Widespread Industrial
and Social Impacts.
This rapid industrialization was not without its problems. The proliferation of factories and new industrial zones sparked numerous protests from farmers who had their land expropriated. The rise of new wealth also fueled corruption and the illegal trade of endangered species.
The industrial boom spread from Guangdong up the Chinese coast to provinces like Jiangsu and Hebei. Here, old and polluting furnaces from Germany's Ruhr region were dismantled and reassembled, allowing shareholders to profit from the relocation while transferring their carbon and pollution emissions. Similarly, countries like Japan, the U.S., and Europe transferred the production of yellow phosphorus—a highly polluting process—to regions in Sichuan province, such as Panzhihua and Zhaotong, despite the region's significant environmental heritage. The economic transformation also saw the birth of enormous retail hubs. In Zhejiang province, what were once small rural communities like Yiwu transformed into massive marketplaces, essentially "cities of shops." The factories supporting this growth required intense labor and produced foul smells and high pollution, but their low investment cost and high returns made them attractive for foreign companies shutting down similar operations in Germany, the U.S., Italy, Japan, and South Korea. In addition, provinces like Henan became home to new landfills, chemical factories, and tanneries, further concentrating the environmental burden.

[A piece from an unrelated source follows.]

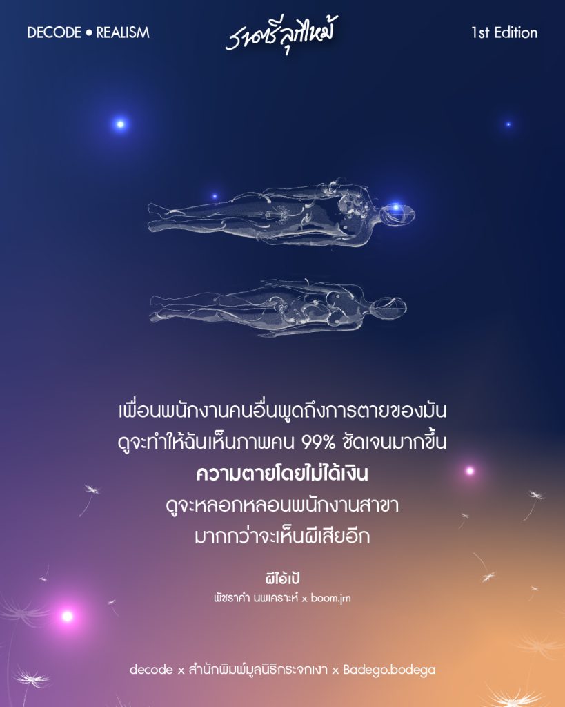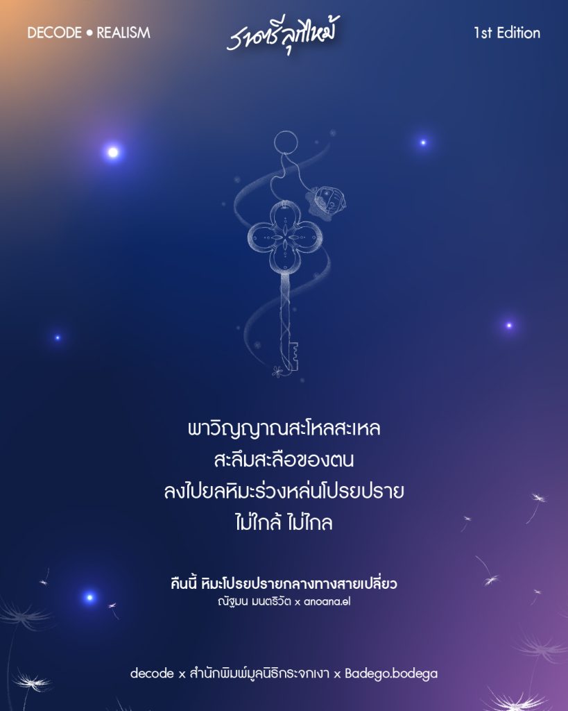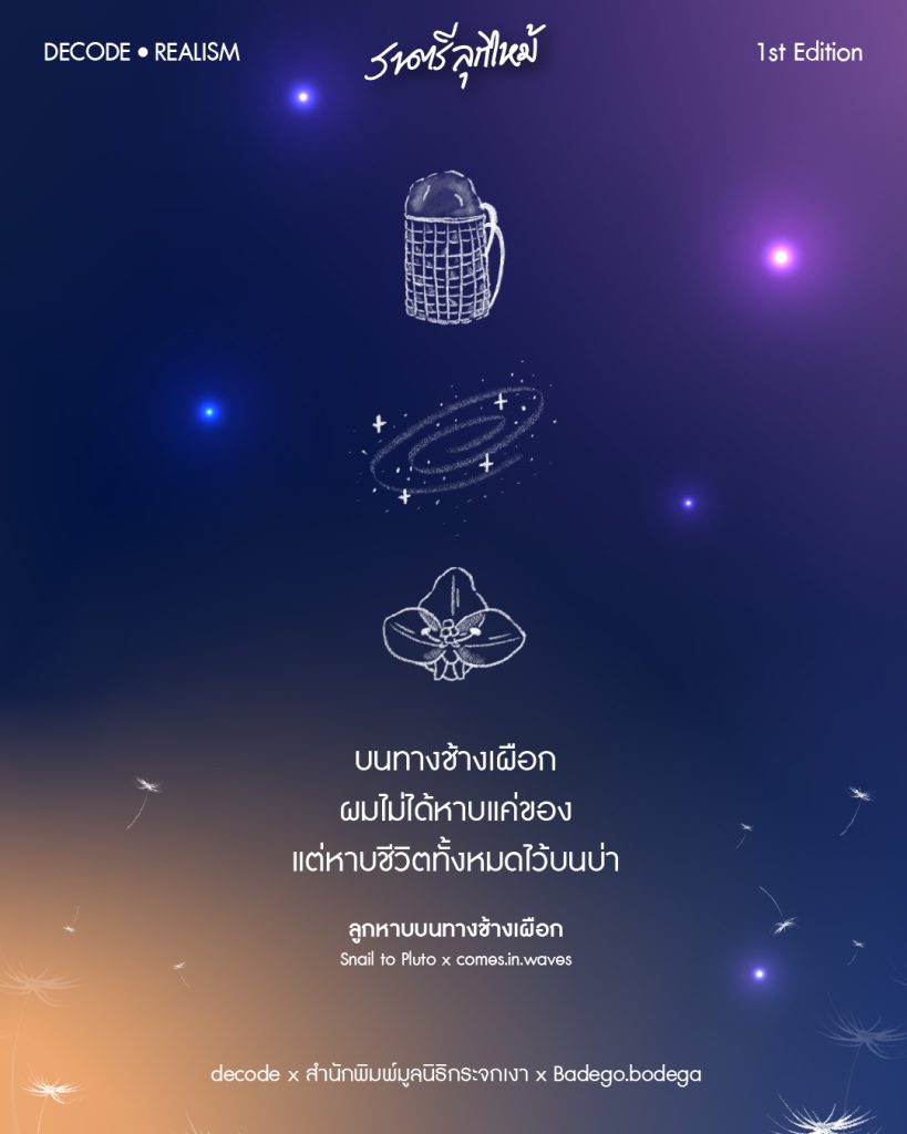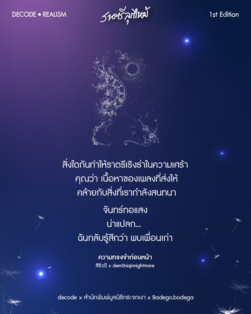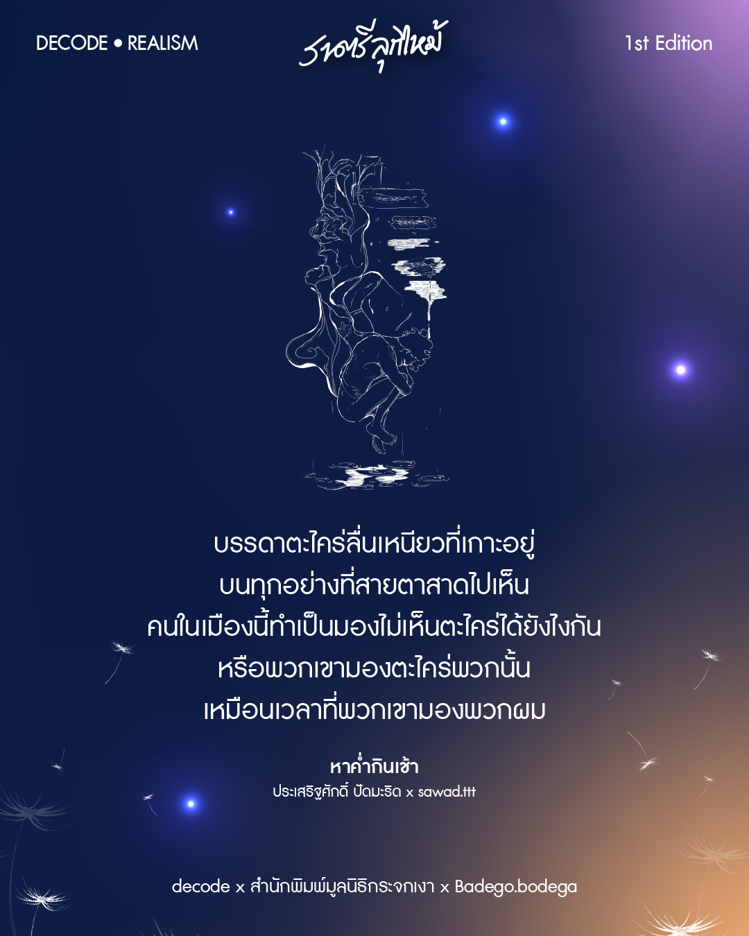เช่นเดียวกันในวันนี้ที่งานสักได้มาพบเจอกับงานเขียนในโพรเจกต์ ราตรีลุกไหม้ หนังสือรวมเรื่องสั้น บทความและบทกวีจาก 19 นักเขียน ‘ยามวิกาล’ ถ้อยคำระหว่างบรรทัดของนักเขียน ถูกขยายเรื่องราวเคล้าไปกับน้ำหมึกจากปลายเข็มของ 5 ศิลปิน tattoo ในชุมชนของ Badego.bodega เช่นกัน

The First River Protection Law was enacted to clean up the Huai, environmental controls were introduced, and dozens of factories were closed. According to the Center for International Climate and Environmental Research in Oslo, 9% of China's greenhouse gas emissions are related to exporrts to the US and 6% to Europe. Between 1999 and 2009, annual recycled paper exports from the UK to India, Indonesia and China increased from 470,000 tons to 4.7 million tons. Plastic bottle shipments increased from 40,000 tons to half a million!
The Role of the Himalayas and Government Response
The Himalayas and Kunlun Mountains are a critical
part of the regional climate system. They act as "convectors,"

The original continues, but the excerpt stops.